Решившись наконец обойти Варфоломеева, четверка двинулась дальше по длинной и пыльной деревенской улице. У бывшего директора шпалозавода Баландина крупно вздрагивала прямая, высоко поднятая голова, Ванечка Юдин возбужденно дрожал и щерил мелкие зубы, Устин тускло усмехался, Витька Малых все глядел да глядел в прямую спину Баландина.
Двигались четверо приятелей медленно, примерно в метре друг от друга, как бы опасаясь расстаться, но и не желая касаться локтями. Палило солнце, поддувал жаркий ветер, река Обь казалась почему-то зеленой. Катеришко «Синица» клевал носом рябой плес, хотя крупной волны не было, но он уж так был устроен, этот катеришко «Синица», что все качался с носа на корму.
— Не могу! Не хочу! — вдруг зашептал Семен Баландин. — Скорее! Скорее! Ну скорее же!
А заветный дом был уже рядом. Краснела четырехскатная крыша, в палисаднике росли крупная малина, смородина, северные низкие яблони, дикий виноград; двор, словно ковром, зарос аккуратно подстриженной травой, скамеечки у ворот не было, а серая овчарка на гостей не лаяла. Громадная собака была добродушно-весела, узнав четверых приятелей, сначала ткнулась влажным носом в руку Семена Баландина, потом повиляла хвостом Устину Шемяке и зубасто улыбнулась Витьке Малых, но почему-то не обратила никакого внимания на Ванечку Юдина.
— Здорово, Джек! — ласково сказал собаке Витька Малых. — Дома хозяйка?
В ответ на эти слова Джек поднял радостную морду, осклабившись, трижды пролаял, что означало: хозяйка дома, сейчас выйдет на крыльцо, будет рада гостям.
Действительно, в тенистых сенях послышалось скрипение пола, задрожав, забренчала дужка ведра.
— Ах, это вы? — раздался насмешливый хриплый голос, и на крыльцо мужской походкой вышла маленькая женщина с закушенной папиросой в зубах. — Здорово, мужички!

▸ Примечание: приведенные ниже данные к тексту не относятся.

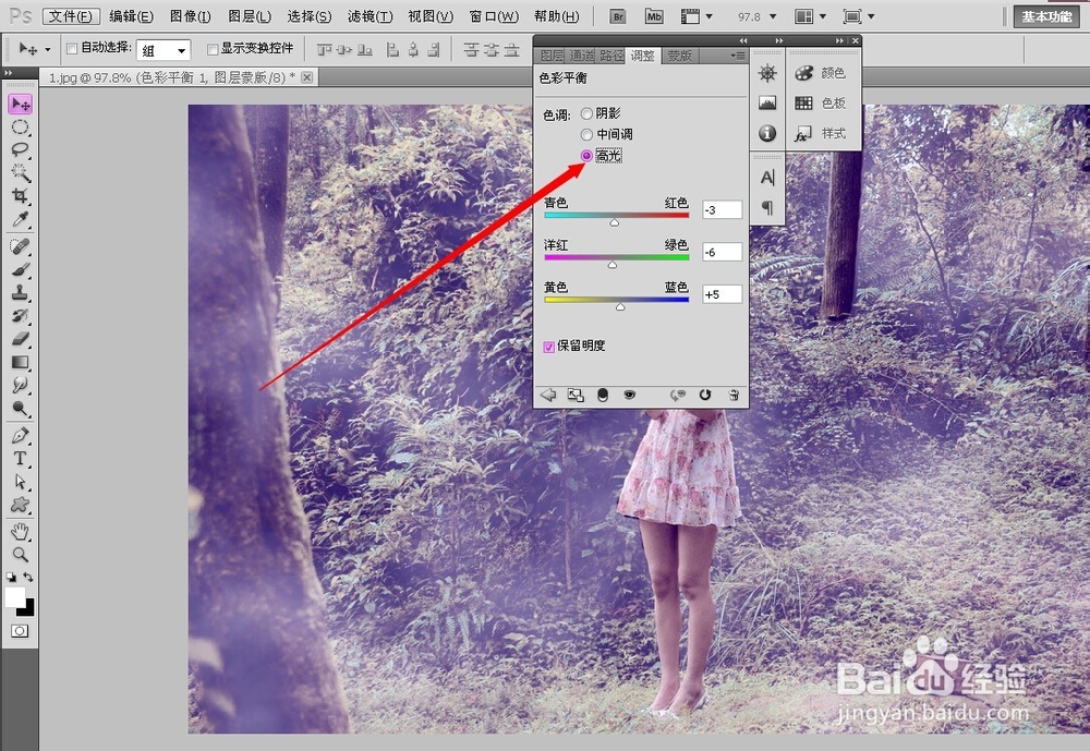 7、下面新建色彩平衡1进行调整。对阴影和高光进行调整。
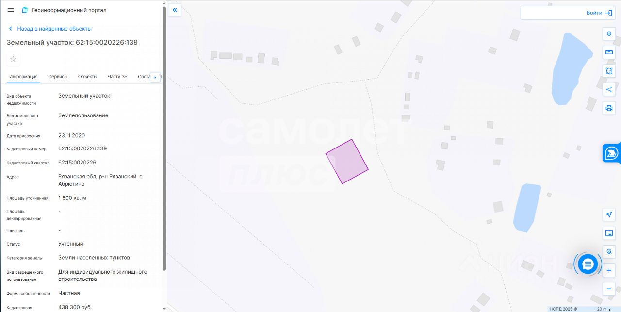 Вид разрешенного использования земельного участка: для индивидуального жилищного строительства (кадастровый номер: 62:15:0020226:139).
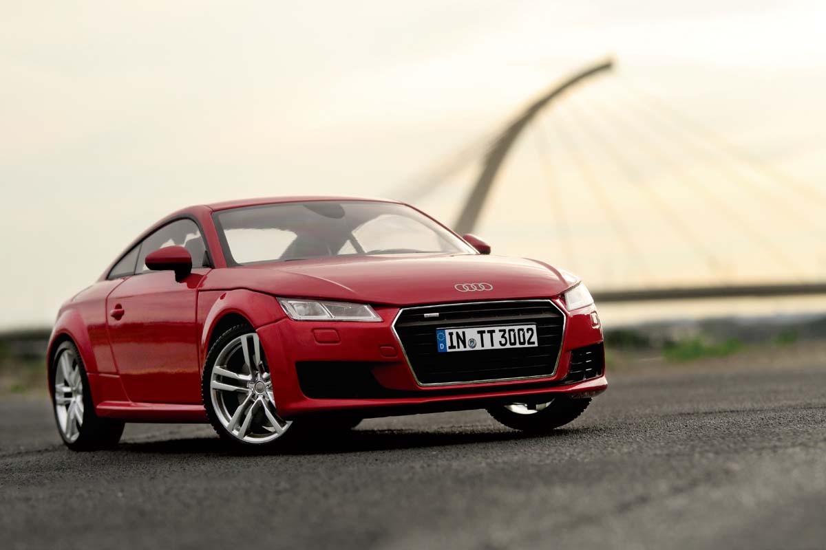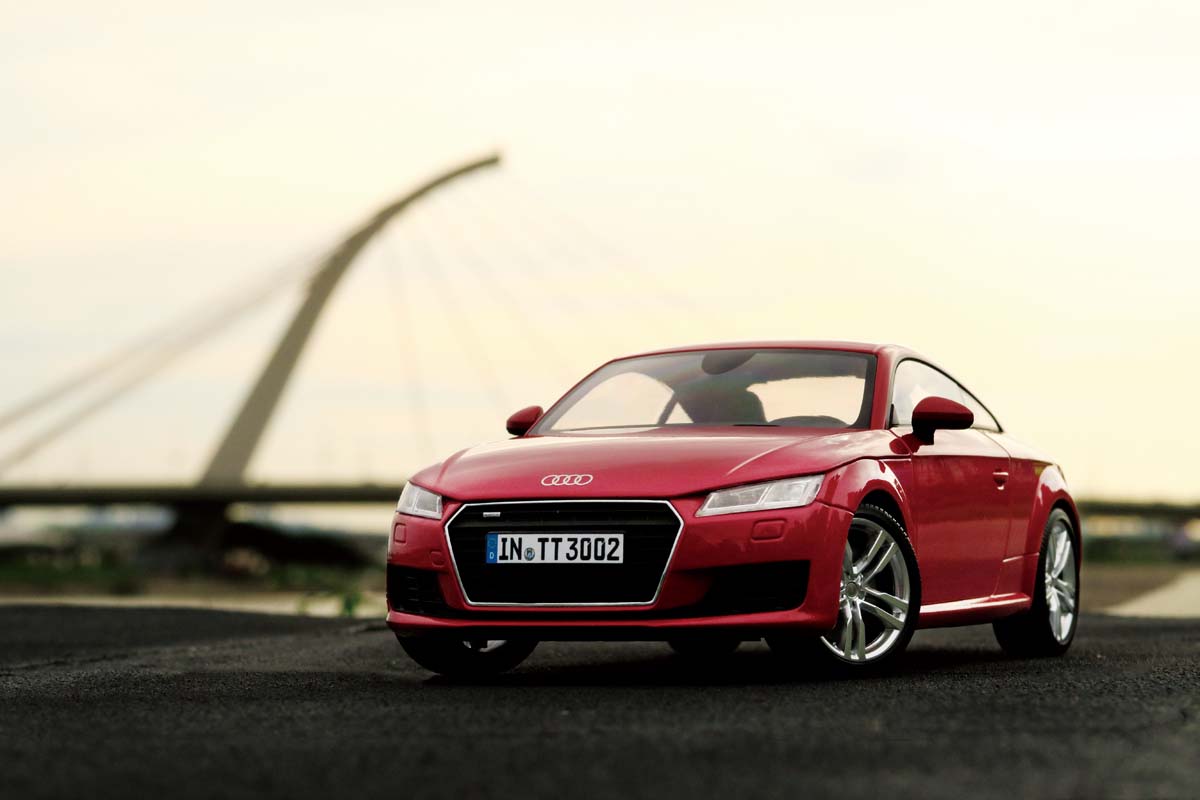 完成柏油道路建置後,我們在上一期的拍攝有提到,要使用相機鏡頭最長的焦段,以及選擇正確的光線時段來進行模型車拍攝。本期在柏油路建置下,拍攝模型車時須注意幾點,首先將板子須與背景有相當程度的距離,令背景比例符合模型車之大小,接著為取得較佳的前景道路感,模型車放置的位置,以靠近木板末端為佳,相機的拍攝角度則與模型車中心高度同高,如此便可讓砂紙展現近似於真實柏油路面之顆粒感,最後設定好木板的擺放位置、模型車與相機的角度後,在相機光圈之設定上,則是依照現場與背景的景深感,進行調整光圈縮放,令背景的整體畫面帶有些微的朦朧感,即可達到與真實汽車攝影的逼真程度。

Директор Чила-юльской средней школы Серафима Матвеевна Садовская была знаменита тем, что никогда и нигде, кроме классных комнат, никто не видел ее без папиросы в зубах. Шла ли Серафима Матвеевна по улице, сидела ли в задних рядах клуба, заседала ли на сессии поселкового Совета, ругалась ли со школьниками в коридоре школы, таскала ли воду для поливки огорода, стояла ли в очереди за хлебом — у нее изо рта всегда торчала закушенная желтыми зубами папироса «Беломорканал». Но еще большую известность Серафима Матвеевна приобрела стремлением накормить каждого человека, переступавшего порог ее дома. Гость еще только здоровался, еще только искал глазами вешалку, а из соседней комнаты уже торопливо выходила на зов Серафимы Матвеевны ее мать Елизавета Яковлевна, оглядев гостя с головы до ног, приказывала ему идти в столовую, где остывал грибной суп или перестаивала положенный срок нежная рыба.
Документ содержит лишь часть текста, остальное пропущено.